Build Status Build status Coverage Status Maintainability License

combo is a Python toolbox for combining or aggregating ML models and scores for various tasks, including classification, clustering, anomaly detection, and raw score. It has been widely used in data science competitions and real-world tasks, such as Kaggle.

Model and score combination can be regarded as a subtask of ensemble learning, but is often beyond the scope of ensemble learning. For instance, averaging the results of multiple runs of a ML model is deemed as a reliable way of eliminating the randomness for better stability. See figure below for some popular combination approaches.

Combination Framework Demo

combo is featured for:

  • Unified APIs, detailed documentation, and interactive examples across various algorithms.

  • Advanced models, including dynamic classifier/ensemble selection and LSCP.

  • Broad applications for classification, clustering, anomaly detection, and raw score.

  • Comprehensive coverage for supervised, unsupervised, and semi-supervised scenarios.

  • Optimized performance with JIT and parallelization when possible, using numba and joblib.

API Demo:

from combo.models.stacking import Stacking
# base classifiers
classifiers = [DecisionTreeClassifier(), LogisticRegression(),
               KNeighborsClassifier(), RandomForestClassifier(),
               GradientBoostingClassifier()]

clf = Stacking(base_clfs=classifiers) # initialize a Stacking model
clf.fit(X_train)

# predict on unseen data
y_test_labels = clf.predict(X_test)  # label prediction
y_test_proba = clf.predict_proba(X_test)  # probability prediction

Table of Contents:


Installation

It is recommended to use pip for installation. Please make sure the latest version is installed, as combo is updated frequently:

pip install combo            # normal install
pip install --upgrade combo  # or update if needed
pip install --pre combo      # or include pre-release version for new features

Alternatively, you could clone and run setup.py file:

git clone https://github.com/yzhao062/combo.git
cd combo
pip install .

Required Dependencies:

  • Python 3.5, 3.6, or 3.7

  • joblib

  • matplotlib

  • numpy>=1.13

  • numba>=0.35

  • scipy>=0.19.1

  • scikit_learn>=0.19.1


API Cheatsheet & Reference

Full API Reference: (https://pycombo.readthedocs.io/en/latest/api.html). API cheatsheet for most of the models:

  • fit(X): Fit an estimator.

  • predict(X): Predict on a particular sample once the estimator is fitted.

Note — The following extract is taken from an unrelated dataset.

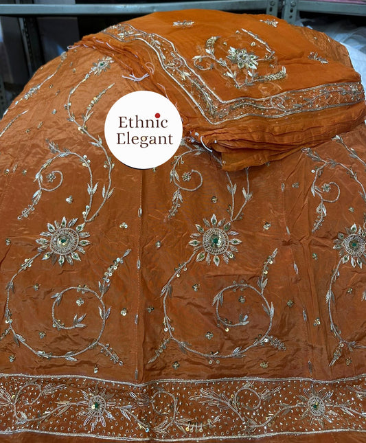 Elegant Rajasthani Poshak | Heavy Jardoji & Dabka Hand Work Odhna | Natural Crepe / Tissue Fabric Set

  • predict_proba(X): Predict the probability of a sample belonging to each class. Only applicable for classification tasks.


Proposed Algorithms

combo groups combination frameworks by tasks.

  • For most of the tasks, the following combination methods for raw scores are feasible [7]:

    1. Averaging & Weighted Averaging & Median

    2. Maximization

    3. Majority Vote & Weighted Majority Vote

    4. Median

Some of the methods are tasks specific:

  • Classifier combination: combine multiple supervised classifiers together for training and prediction

    1. SimpleClassifierAggregator: combining classifiers by (i) (weighted) average (ii) maximization (iii) median and (iv) (weighted) majority vote

    2. Dynamic Classifier Selection & Dynamic Ensemble Selection [3] (work-in-progress)

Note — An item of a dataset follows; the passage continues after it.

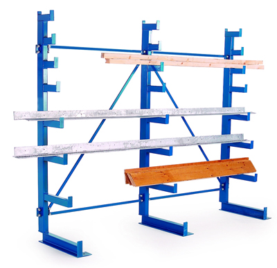 Cantilever racking systems are ideal for plywood, chipboard & timber sheets, plasterboard, building materials, pipe & tubing, sheet steel, roll goods, extrusions etc and the typical components are:

    3. Stacking (meta ensembling): build an additional classifier to learn base estimator weights [2]

  • Cluster combination: combine and align unsupervised clustering results

    1. Clusterer Ensemble [6]

  • Anomaly detection: combine unsupervised (and supervised) outlier detectors

    1. SimpleDetectorCombination: combining outlier score results by (i) (weighted) average (ii) maximization (iii) median and (iv) (weighted) majority vote

    2. Average of Maximum (AOM) [1]

    3. Maximum of Average (MOA) [1]

    4. Thresholding

    5. Locally Selective Combination (LSCP) [4]

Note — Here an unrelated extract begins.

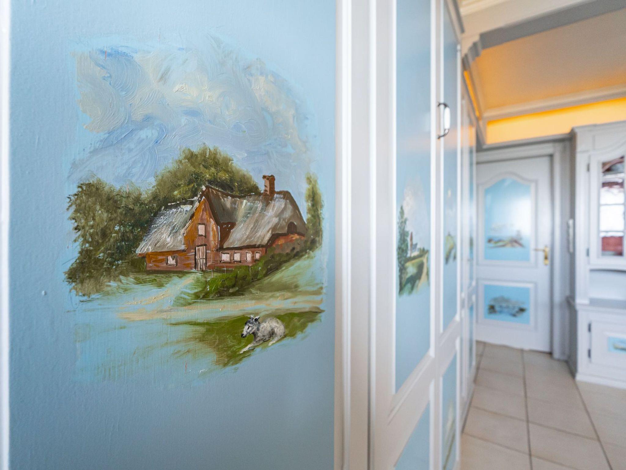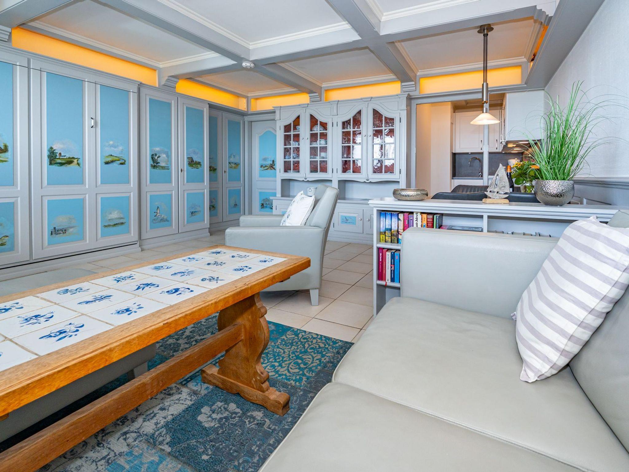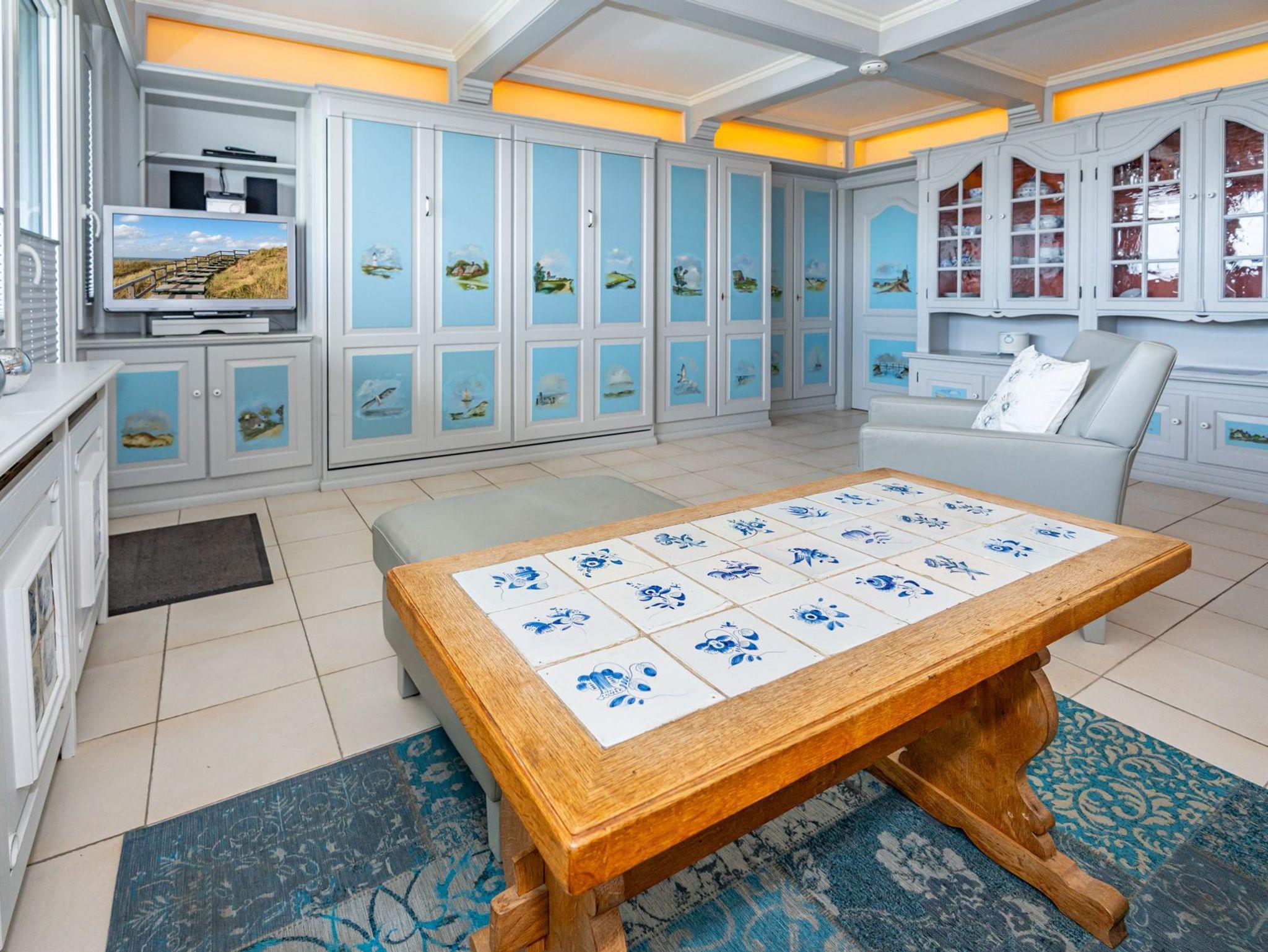 Die im modernen Friesenstil gehaltene Wohnung ist mit ihren aufwendigen Tischlereinbauten und handgemalten Sylt-Motiven ein Unikat.

    6. XGBOD: a semi-supervised combination framework for outlier detection [5]


Quick Start for Classifier Combination

“examples/classifier_comb_example.py” demonstrates the basic API of predicting with multiple classifiers. It is noted that the API across all other algorithms are consistent/similar.

  1. Initialize a group of classifiers as base estimators

    # initialize a group of classifiers
    classifiers = [DecisionTreeClassifier(), LogisticRegression(),
                   KNeighborsClassifier(), RandomForestClassifier(),
                   GradientBoostingClassifier()]
  2. Initialize, fit, predict, and evaluate with a simple aggregator (average)

    from combo.models.classifier_comb import SimpleClassifierAggregator
    
    clf = SimpleClassifierAggregator(classifiers, method='average')
    clf.fit(X_train, y_train)
    y_test_predicted = clf.predict(X_test)
    evaluate_print('Combination by avg   |', y_test, y_test_predicted)
  3. See a sample output of classifier_comb_example.py

    Decision Tree        | Accuracy:0.9386, ROC:0.9383, F1:0.9521
    Logistic Regression  | Accuracy:0.9649, ROC:0.9615, F1:0.973
    K Neighbors          | Accuracy:0.9561, ROC:0.9519, F1:0.9662
    Gradient Boosting    | Accuracy:0.9605, ROC:0.9524, F1:0.9699
    Random Forest        | Accuracy:0.9605, ROC:0.961, F1:0.9693
    
    Combination by avg   | Accuracy:0.9693, ROC:0.9677, F1:0.9763
    Combination by w_avg | Accuracy:0.9781, ROC:0.9716, F1:0.9833
    Combination by max   | Accuracy:0.9518, ROC:0.9312, F1:0.9642
    Combination by w_vote| Accuracy:0.9649, ROC:0.9644, F1:0.9728
    Combination by median| Accuracy:0.9693, ROC:0.9677, F1:0.9763

Quick Start for Clustering Combination

“examples/cluster_comb_example.py” demonstrates the basic API of combining multiple base clustering estimators.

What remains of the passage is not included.